*Task objective:* Leave the images aside and copy out the whole listing, exact to the word.
═══ Recorded data ═══
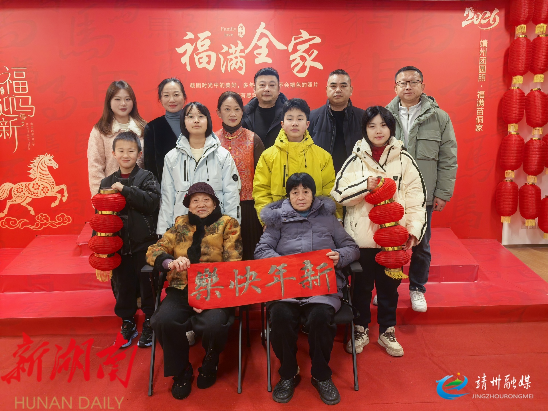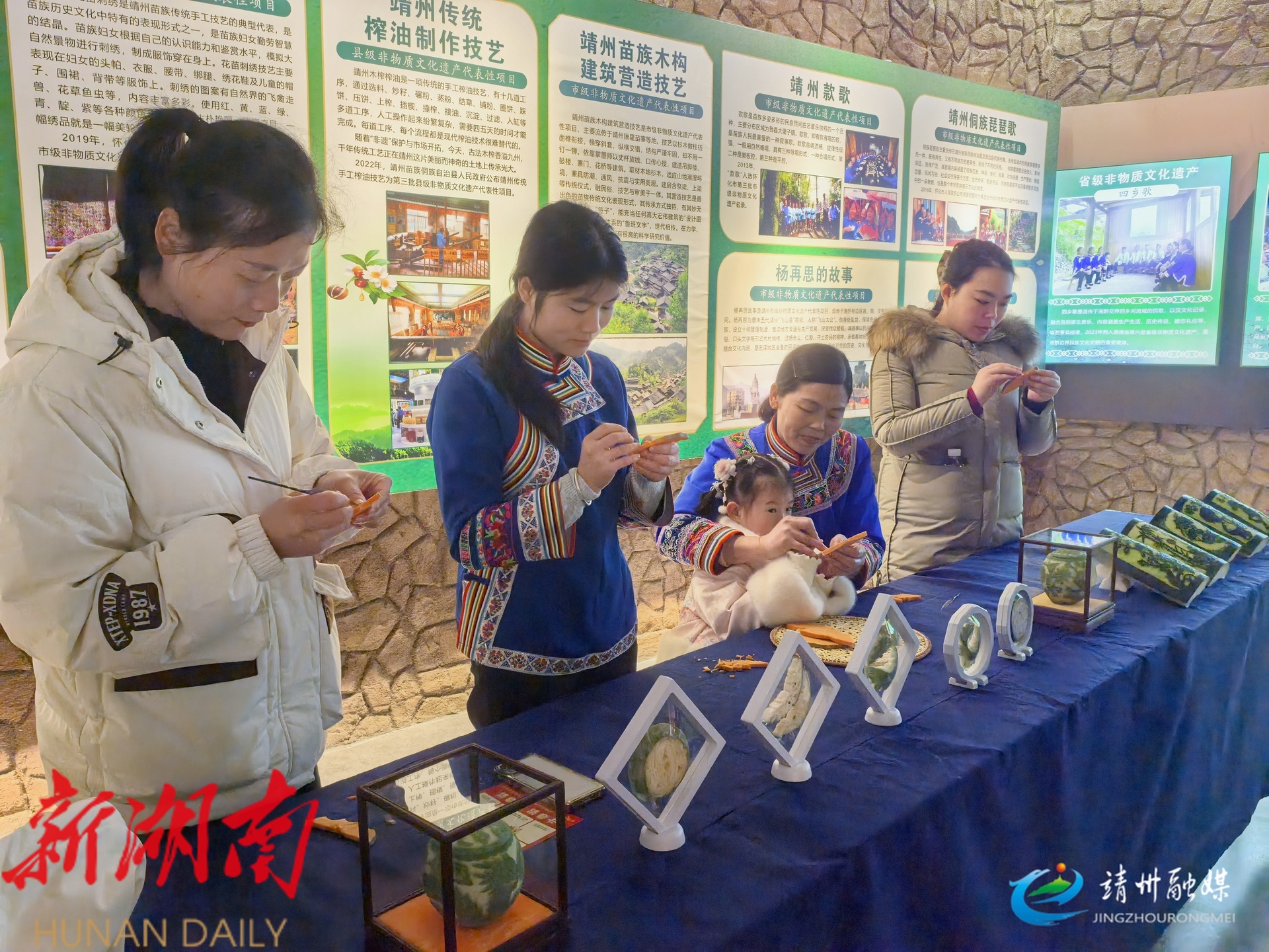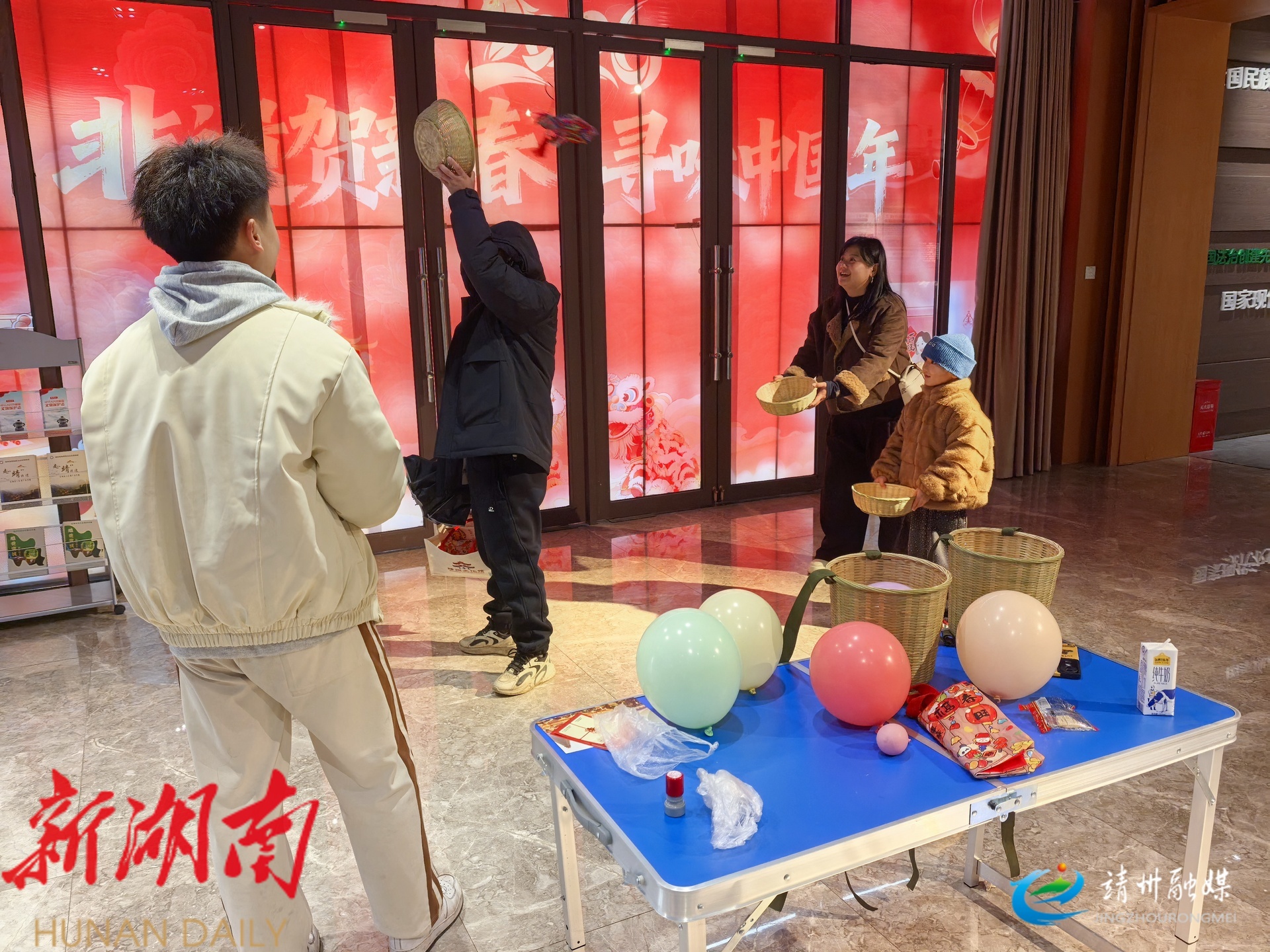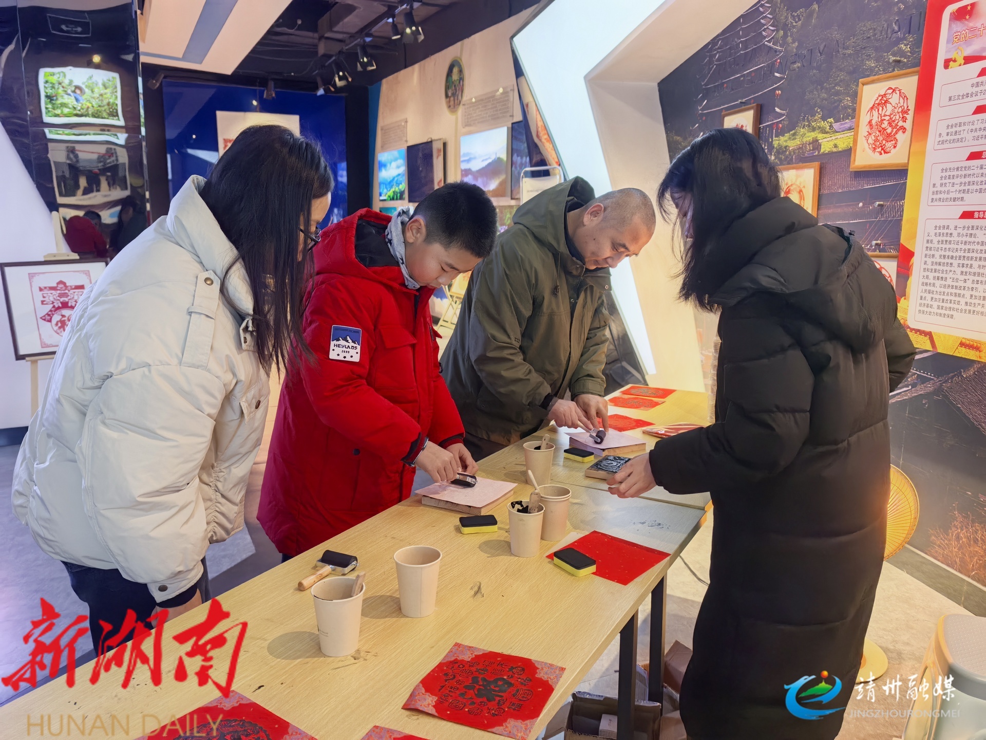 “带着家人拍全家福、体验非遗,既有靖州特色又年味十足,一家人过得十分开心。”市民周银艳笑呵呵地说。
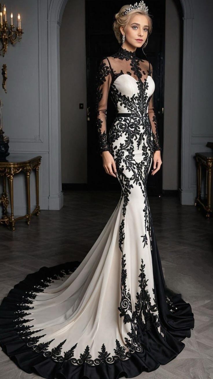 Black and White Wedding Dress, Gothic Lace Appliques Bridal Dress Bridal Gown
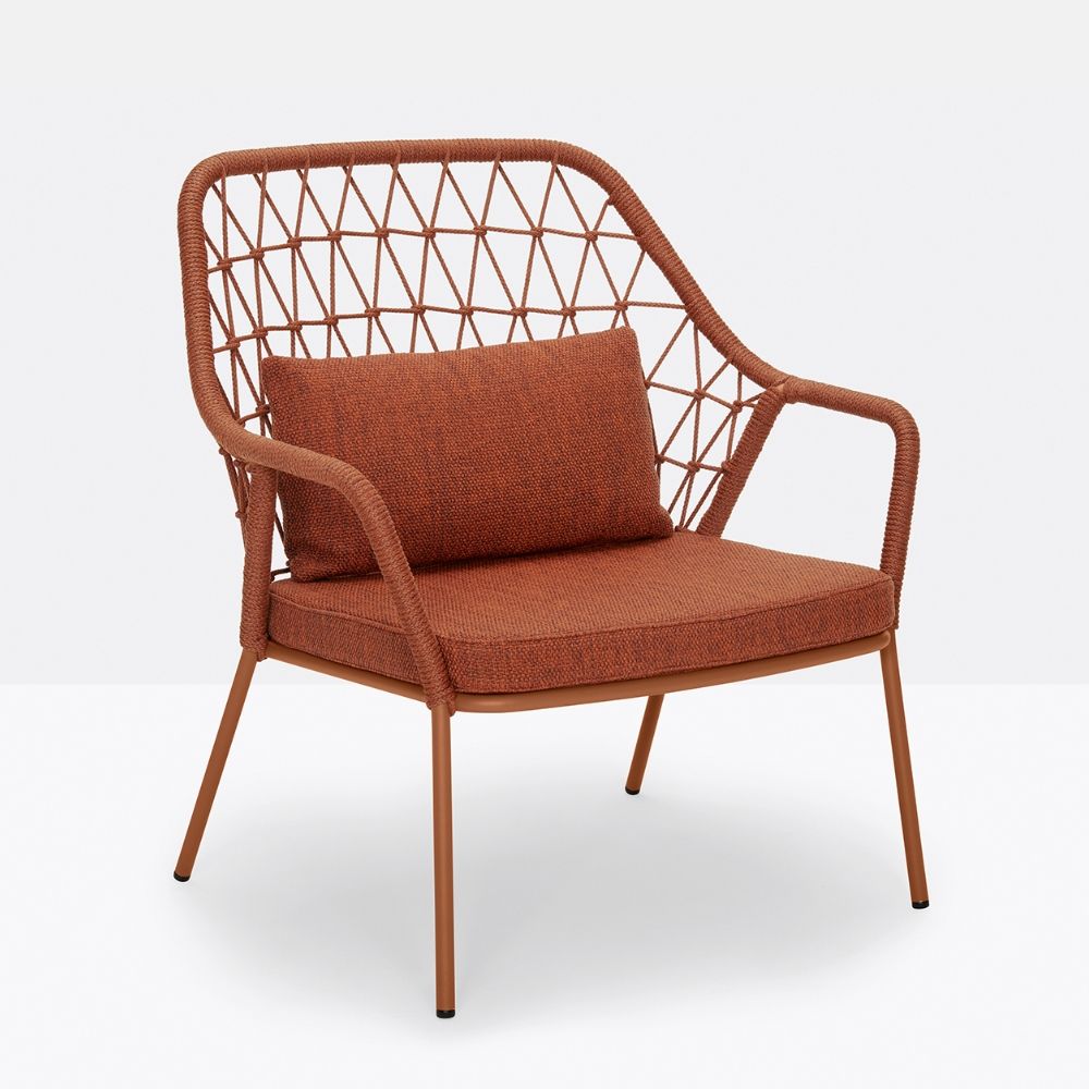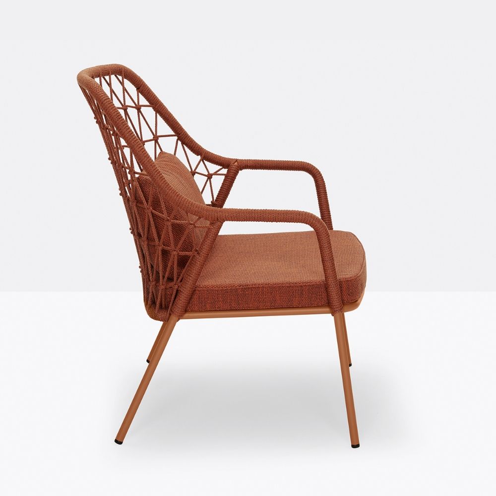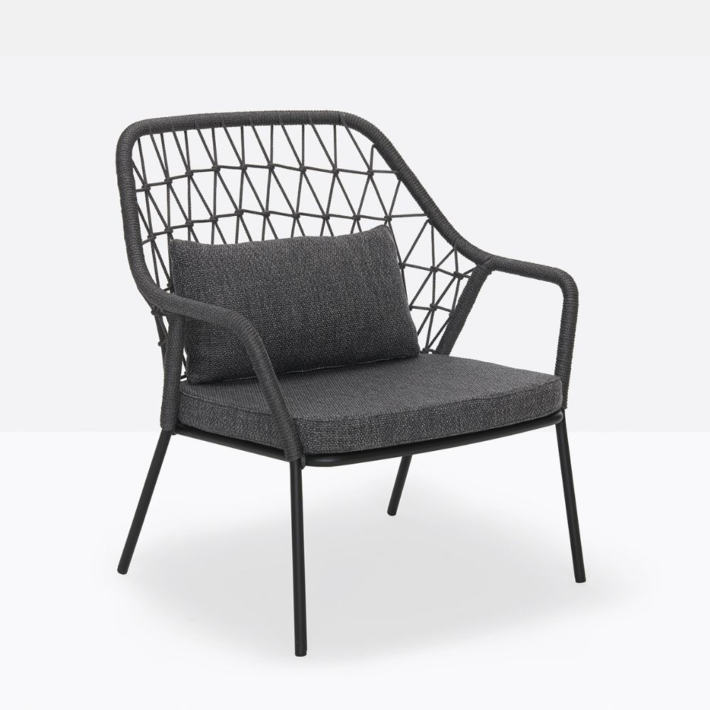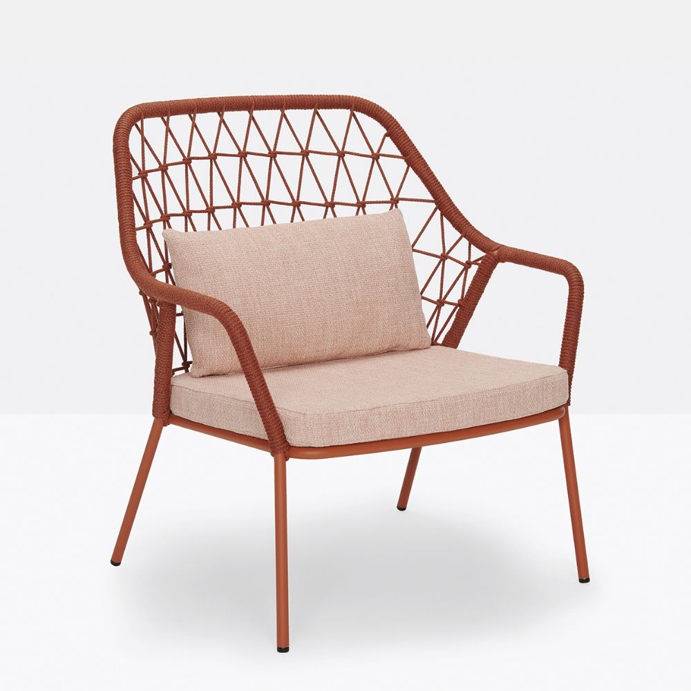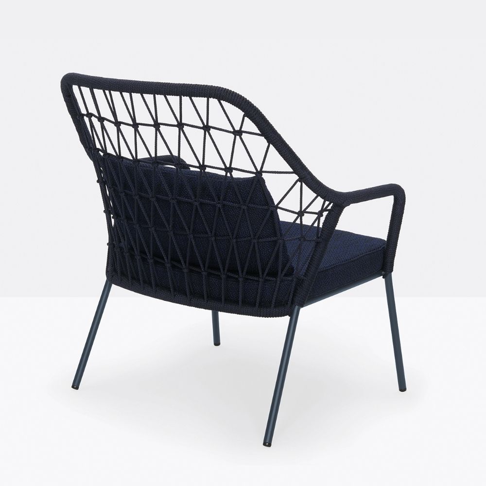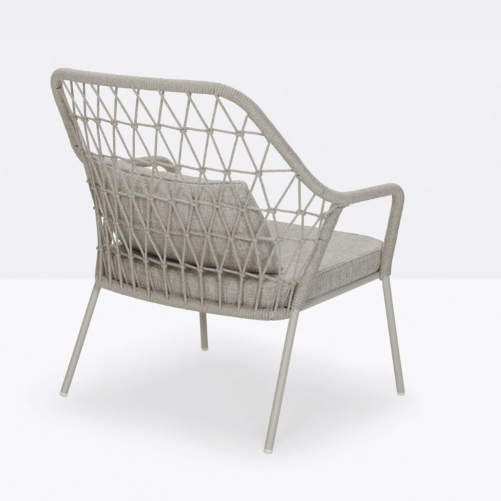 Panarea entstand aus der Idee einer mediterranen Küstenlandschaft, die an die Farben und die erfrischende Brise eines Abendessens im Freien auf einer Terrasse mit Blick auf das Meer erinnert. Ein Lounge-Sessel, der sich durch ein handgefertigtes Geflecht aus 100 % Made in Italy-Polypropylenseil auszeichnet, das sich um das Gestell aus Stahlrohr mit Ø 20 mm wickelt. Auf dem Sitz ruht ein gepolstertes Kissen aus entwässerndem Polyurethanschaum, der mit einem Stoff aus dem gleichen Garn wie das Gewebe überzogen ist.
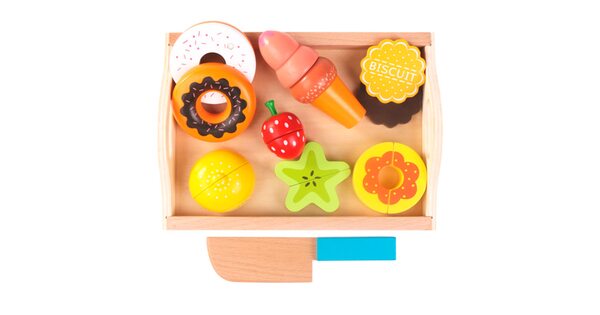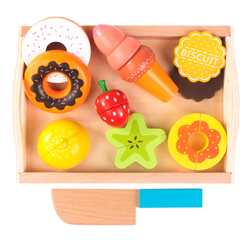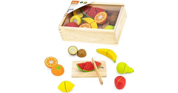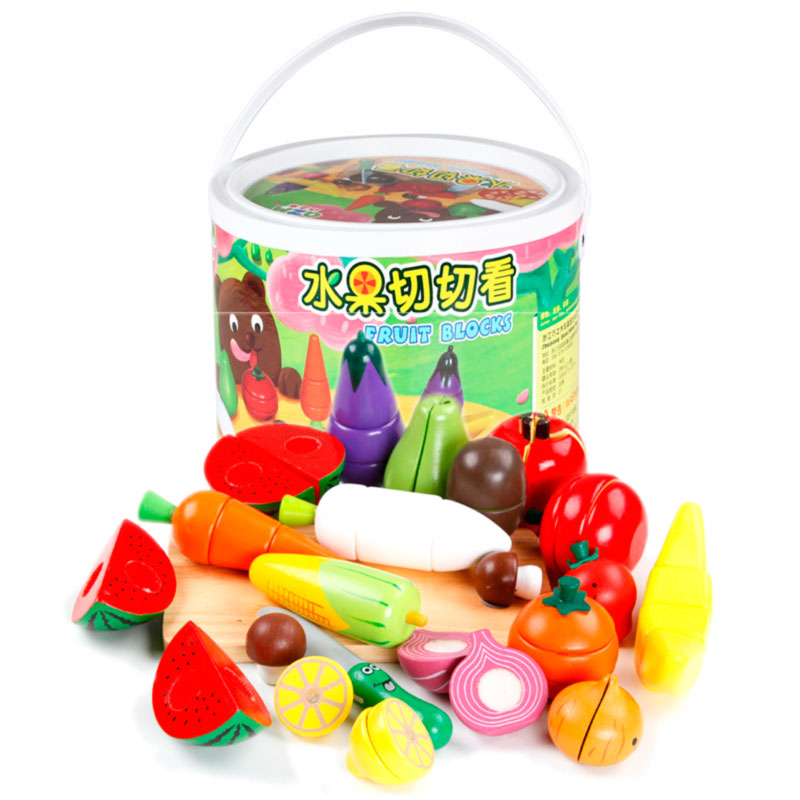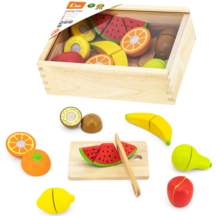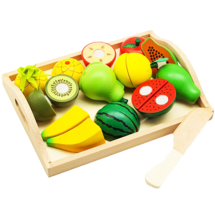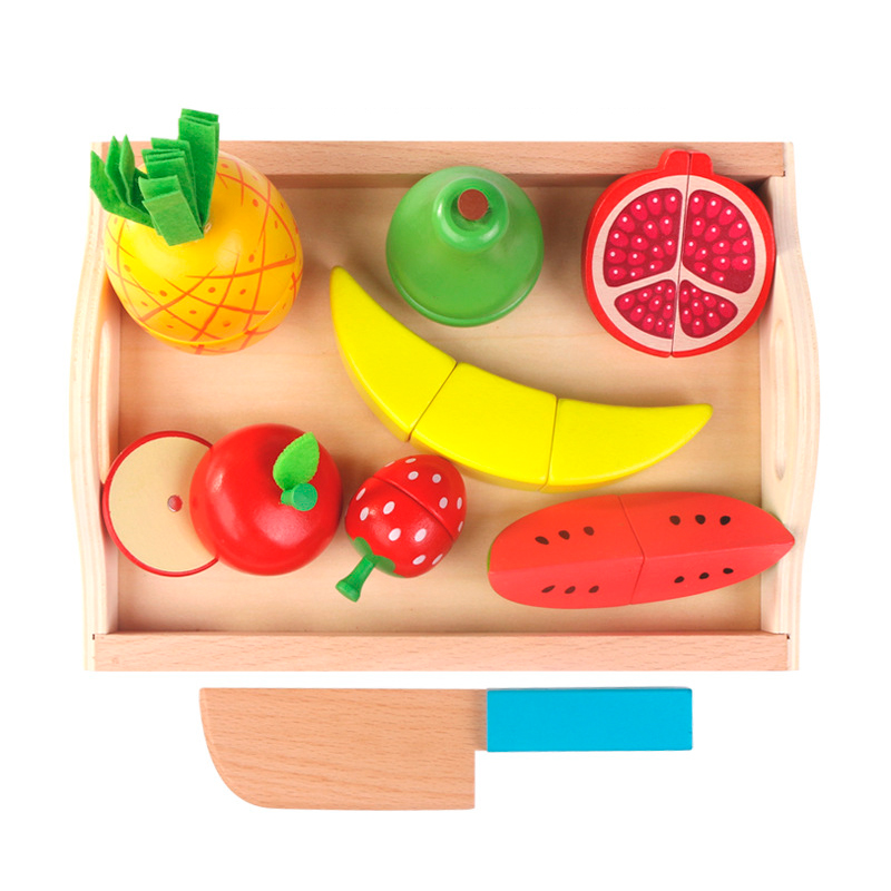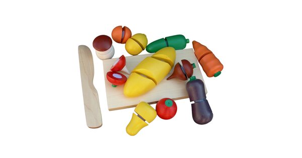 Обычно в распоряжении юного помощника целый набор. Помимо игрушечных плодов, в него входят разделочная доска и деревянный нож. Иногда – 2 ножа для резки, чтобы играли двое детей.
═══
*Answer box:*
 “带着家人拍全家福、体验非遗,既有靖州特色又年味十足,一家人过得十分开心。”市民周银艳笑呵呵地说。
 Black and White Wedding Dress, Gothic Lace Appliques Bridal Dress Bridal Gown
 Panarea entstand aus der Idee einer mediterranen Küstenlandschaft, die an die Farben und die erfrischende Brise eines Abendessens im Freien auf einer Terrasse mit Blick auf das Meer erinnert. Ein Lounge-Sessel, der sich durch ein handgefertigtes Geflecht aus 100 % Made in Italy-Polypropylenseil auszeichnet, das sich um das Gestell aus Stahlrohr mit Ø 20 mm wickelt. Auf dem Sitz ruht ein gepolstertes Kissen aus entwässerndem Polyurethanschaum, der mit einem Stoff aus dem gleichen Garn wie das Gewebe überzogen ist.
 Обычно в распоряжении юного помощника целый набор. Помимо игрушечных плодов, в него входят разделочная доска и деревянный нож. Иногда – 2 ножа для резки, чтобы играли двое детей.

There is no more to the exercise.